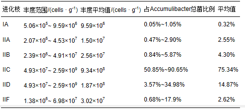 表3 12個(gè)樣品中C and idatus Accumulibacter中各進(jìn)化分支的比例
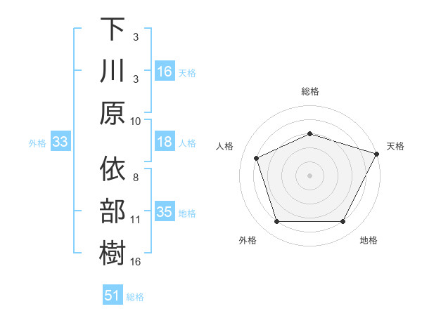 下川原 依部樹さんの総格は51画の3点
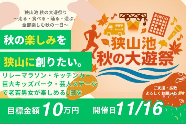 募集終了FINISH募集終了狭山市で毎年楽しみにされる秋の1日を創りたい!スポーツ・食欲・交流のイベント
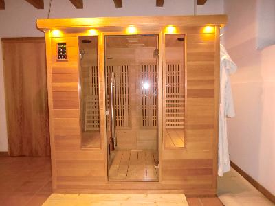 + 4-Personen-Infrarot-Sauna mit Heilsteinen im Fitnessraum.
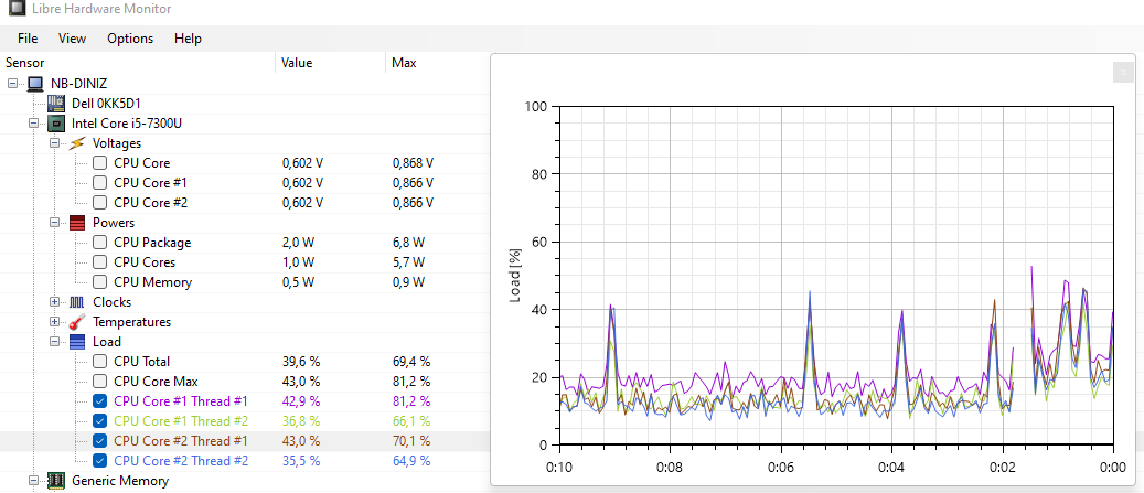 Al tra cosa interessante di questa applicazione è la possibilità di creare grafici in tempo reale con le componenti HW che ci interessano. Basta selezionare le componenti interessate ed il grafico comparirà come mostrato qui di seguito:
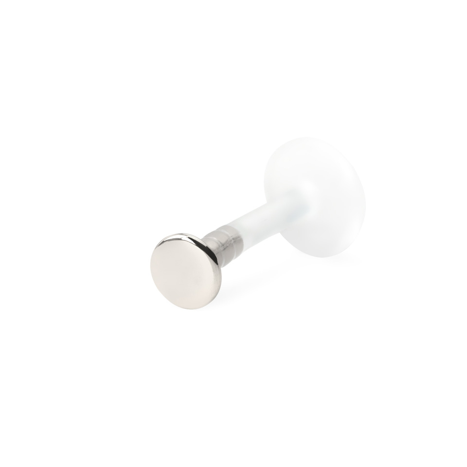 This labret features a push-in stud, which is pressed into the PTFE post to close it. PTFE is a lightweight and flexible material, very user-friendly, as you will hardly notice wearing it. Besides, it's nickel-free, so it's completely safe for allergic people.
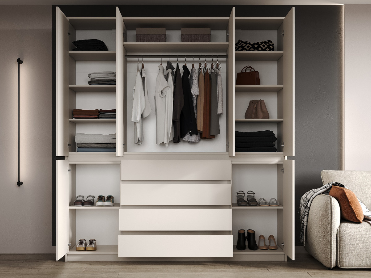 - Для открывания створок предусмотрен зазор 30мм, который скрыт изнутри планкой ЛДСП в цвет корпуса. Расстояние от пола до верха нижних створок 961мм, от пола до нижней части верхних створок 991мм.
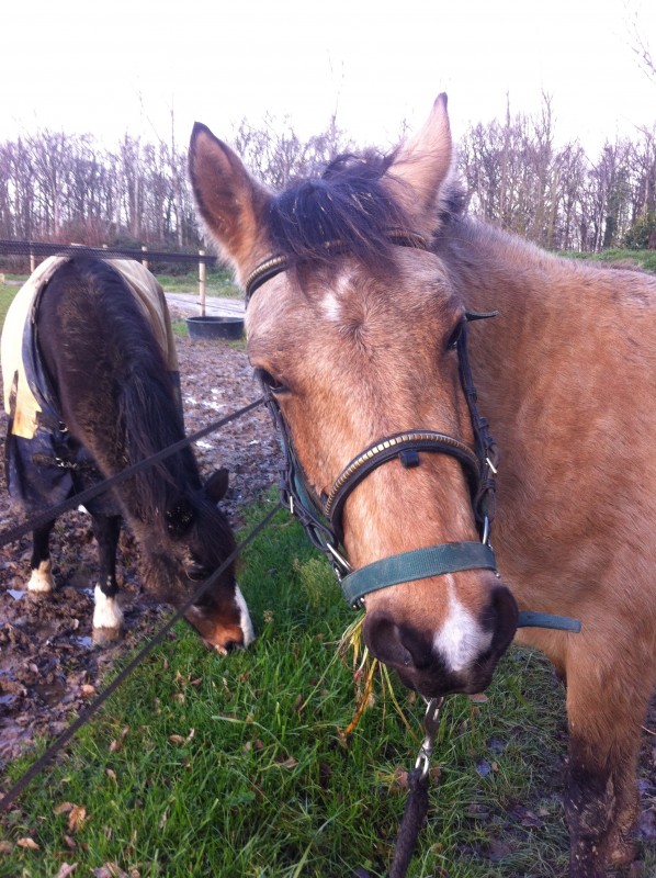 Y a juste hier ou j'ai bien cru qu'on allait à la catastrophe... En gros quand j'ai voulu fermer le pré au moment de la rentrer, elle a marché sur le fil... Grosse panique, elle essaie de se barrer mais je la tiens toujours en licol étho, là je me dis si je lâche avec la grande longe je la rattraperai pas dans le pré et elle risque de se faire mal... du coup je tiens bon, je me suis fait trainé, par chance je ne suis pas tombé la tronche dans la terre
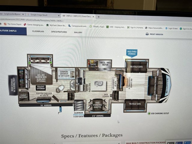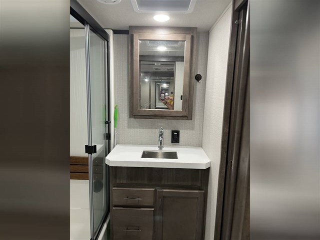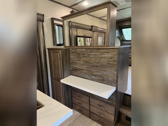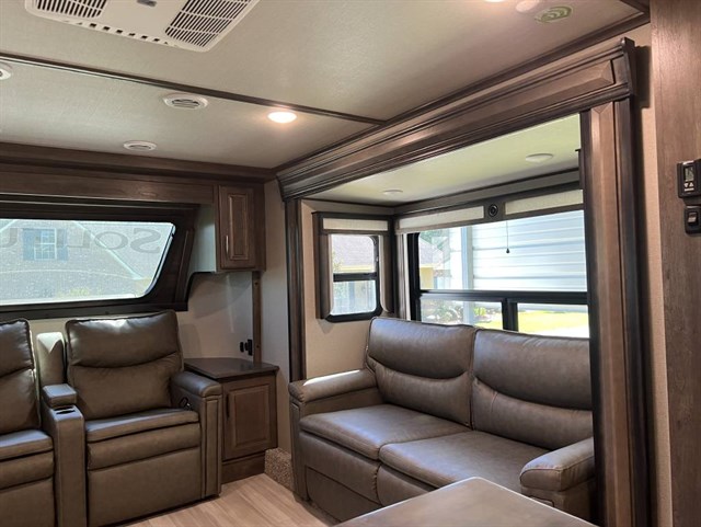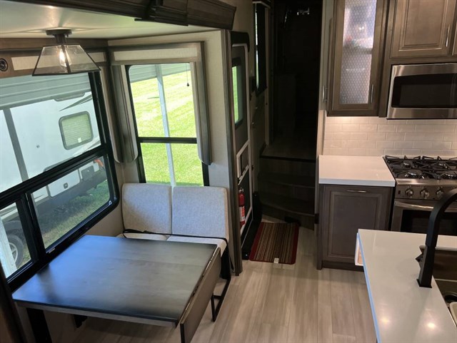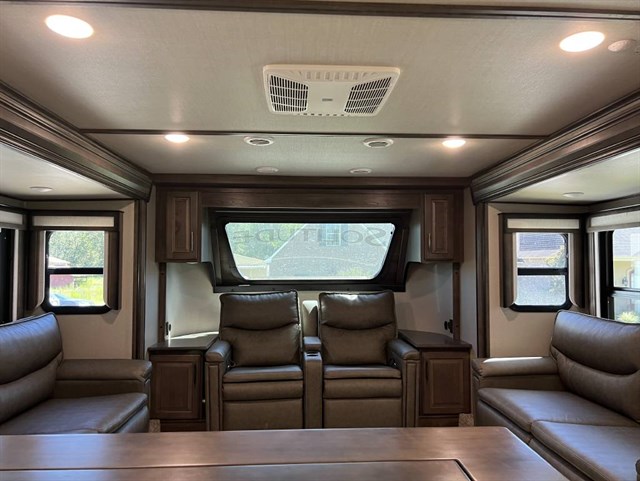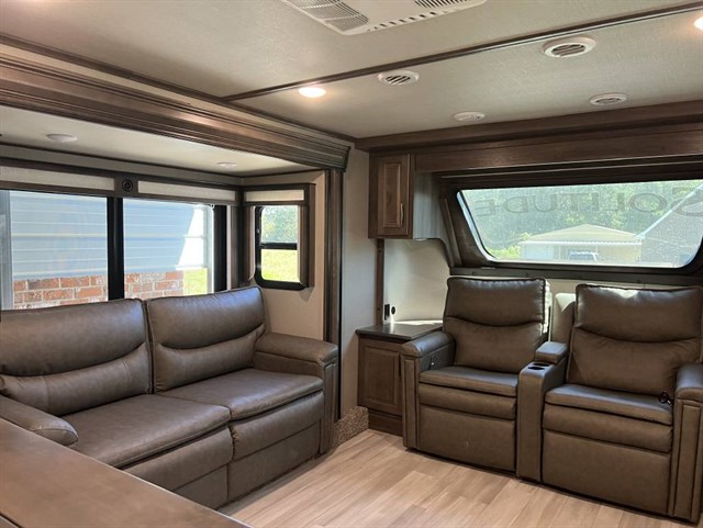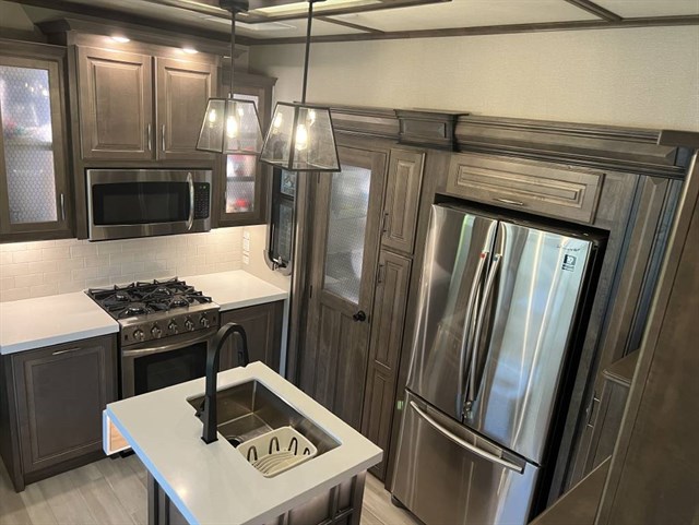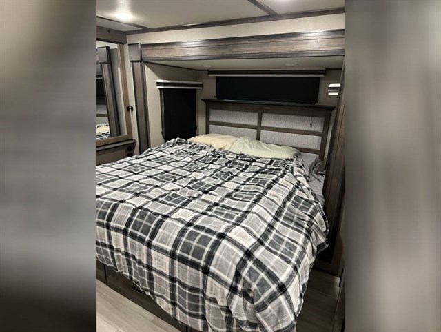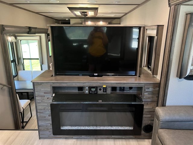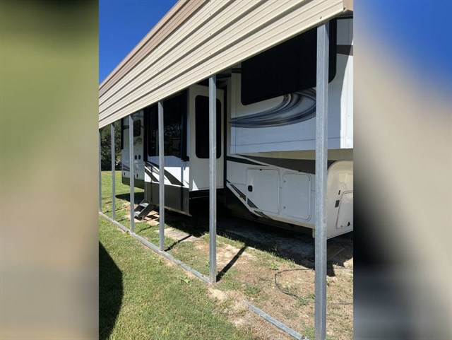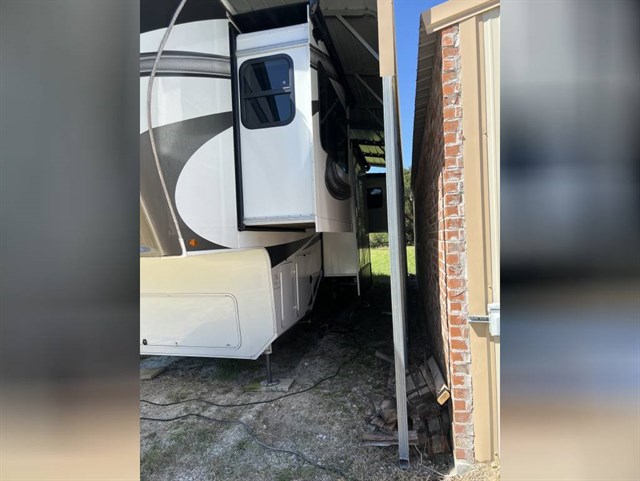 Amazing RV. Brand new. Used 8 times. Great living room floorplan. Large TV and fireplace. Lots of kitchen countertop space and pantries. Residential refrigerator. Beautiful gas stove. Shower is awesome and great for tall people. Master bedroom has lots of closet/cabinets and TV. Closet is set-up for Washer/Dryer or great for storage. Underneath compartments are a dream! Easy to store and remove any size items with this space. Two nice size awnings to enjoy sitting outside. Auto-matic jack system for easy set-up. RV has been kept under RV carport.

____________

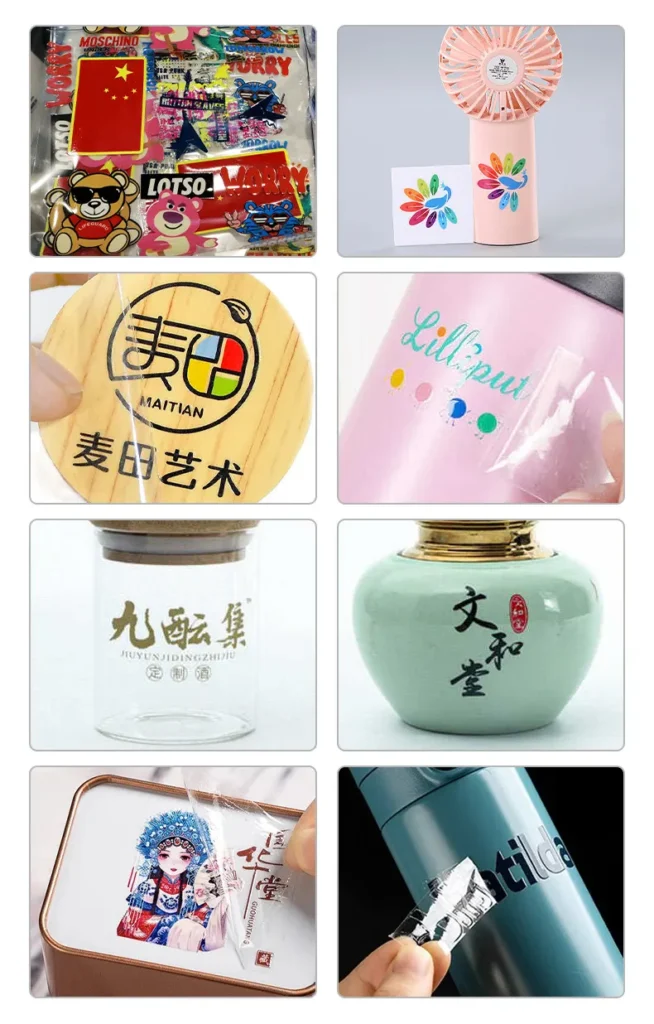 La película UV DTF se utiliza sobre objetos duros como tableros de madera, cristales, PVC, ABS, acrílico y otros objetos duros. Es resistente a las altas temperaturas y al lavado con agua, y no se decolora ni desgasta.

____________

- [ASSIGNMENT] Each line above that falls between the line with "表3 12個(gè)樣品中C and" and the line with "This labret features" should be printed exactly, together with those two lines, but the pictures should not.

- [ANSWER BOX]
 表3 12個(gè)樣品中C and idatus Accumulibacter中各進(jìn)化分支的比例
 下川原 依部樹さんの総格は51画の3点
 募集終了FINISH募集終了狭山市で毎年楽しみにされる秋の1日を創りたい!スポーツ・食欲・交流のイベント
 + 4-Personen-Infrarot-Sauna mit Heilsteinen im Fitnessraum.
 Al tra cosa interessante di questa applicazione è la possibilità di creare grafici in tempo reale con le componenti HW che ci interessano. Basta selezionare le componenti interessate ed il grafico comparirà come mostrato qui di seguito:
 This labret features a push-in stud, which is pressed into the PTFE post to close it. PTFE is a lightweight and flexible material, very user-friendly, as you will hardly notice wearing it. Besides, it's nickel-free, so it's completely safe for allergic people.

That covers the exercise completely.